By forming the second coating part using a mechanochemical coating method, even when oxides of Fe which are not dense (Fe₃O₄, iron hydroxide, iron oxyhydroxide, and the like) are included in the first coating part, oxides of Fe which are not dense are removed by effects of compression and friction while coating, hence most part of oxides of Fe included in the first coating part can easily be dense oxides of Fe which contribute to improve the withstand voltage. Note that, as oxides of Fe which are not dense are removed, the surface of the first coating part becomes relatively smooth.

In a mechanochemical coating method, a rotation speed of the container, a distance between a grinder and an inner wall of the container, and the like can be adjusted to control the heat generated by friction, thereby the temperature of the mixture of the soft magnetic metal powder and the powder form coating material can be controlled. In the present embodiment, the temperature is preferably 50° C. or higher and 150° C. or lower. By setting within such temperature range, the second coating part can be easily formed so as to cover the first coating part.

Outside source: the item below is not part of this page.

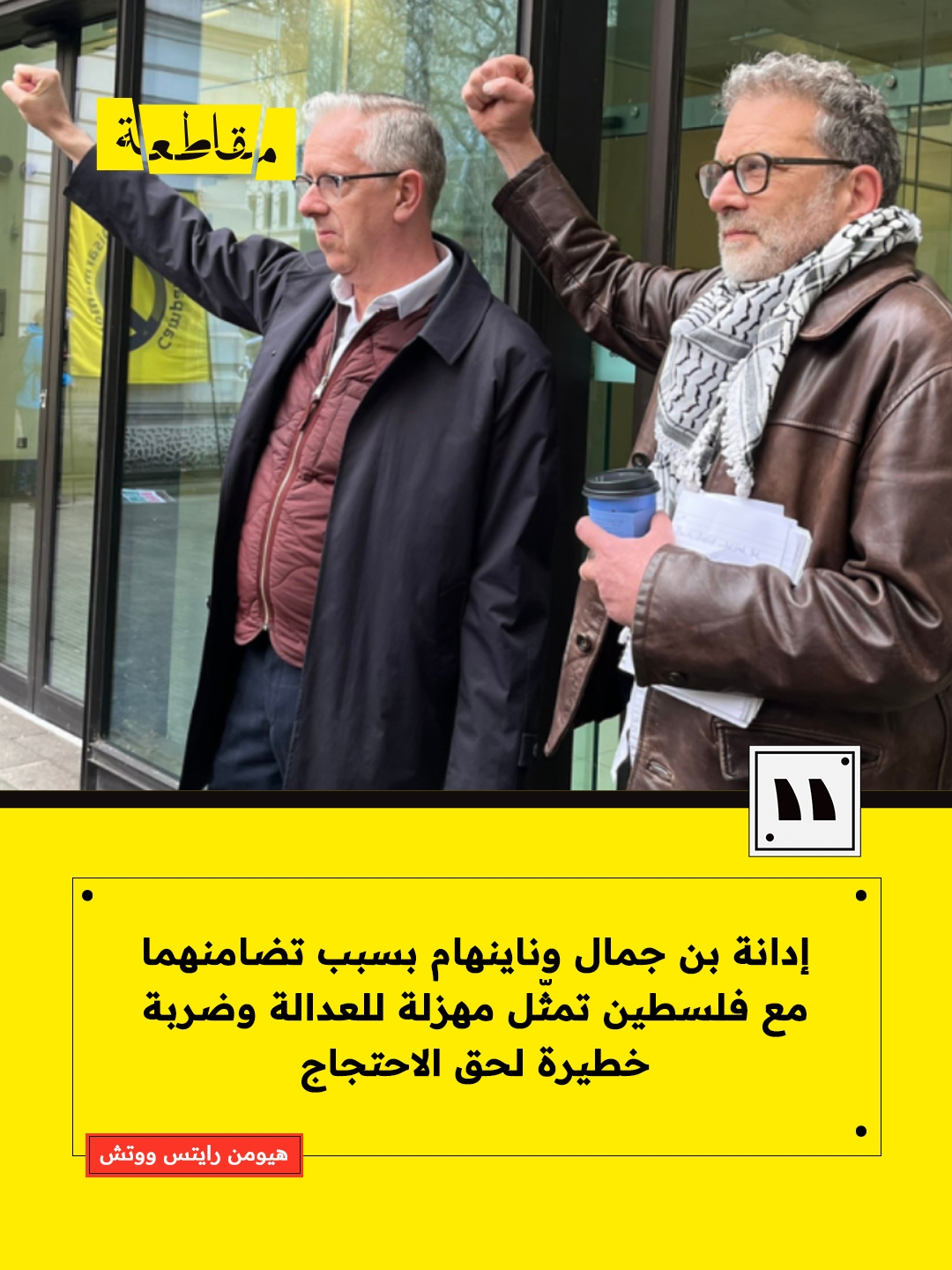 أدانت هيومن رايتس ووتش إدانة الناشطين بن جمال وكريس ناينهام، معتبرةً أن الحكم الصادر بحقهما يشكّل “مهزلة للعدالة” وضربة خطيرة لحق التظاهر ولعمل منظمات المجتمع المدني في المملكة المتحدة.

(4.2. Method of Producing Dust Core)

The dust core is produced by using the above mentioned soft magnetic metal powder. A method of production is not particularly limited, and a known method can be employed. First, the soft magnetic metal powder including the soft magnetic metal particle formed with the coating part, and a known resin as the binder are mixed to obtain a mixture. Also, if needed, the obtained mixture may be formed into granulated powder. Further, the mixture or the granulated powder is filled into a metal mold and compression molding is carried out, and a molded body having a shape of the core dust to be produced is obtained. The obtained molded body, for example, is carried out with a heat treatment at 50 to 200° C. to cure the resin, and the dust core having a predetermined shape of which the soft magnetic metal particles are fixed via the resin can be obtained. By winding a wire for a predetermined number of turns to the obtained dust core, the magnetic component such as an inductor and the like can be obtained.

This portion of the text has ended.